E foi nesse momento que Quintus teve uma revelação: ela tinha vindo por ele. Ou talvez só pelo caos gratuito, feito quem vai ao zoológico esperar o macaco fazer algo vergonhoso. Mas ela tinha vindo. E para alguém com o histórico afetivo de uma planta ornamental ignorada, aquilo já parecia um milagre digno de noticiário.

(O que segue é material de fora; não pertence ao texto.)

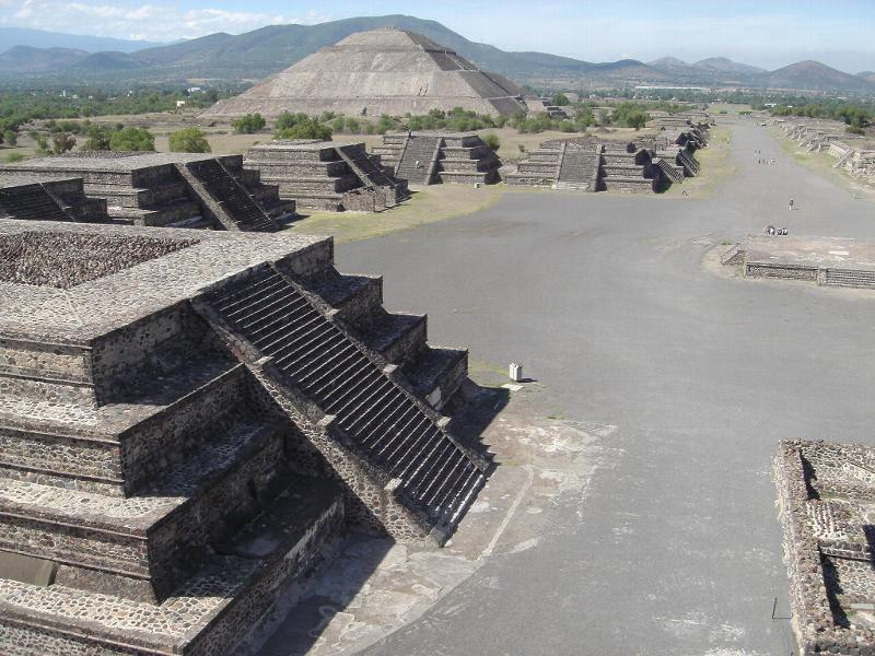 Avenue of the Dead and the Pyramid of the Sun in the background

— E com a chegada de nossa convidada especial. — anunciou Crimson, radiante ao ver os números de audiência escalando à semelhança de fofoca em grupo de família — Oficialmente declaramos aberta a temporada de Big Brother: Vexame Nacional! Que comecem os jogos!
Quintus olhou para Mirela, que estava tirando selfies com ele fantasiado de galo, e pensou:
“Bom, se eu vou me humilhar nacionalmente, pelo menos vai ser na frente da garota mais linda do mundo.”
E pela primeira vez naquela noite insana, ele sorriu de verdade.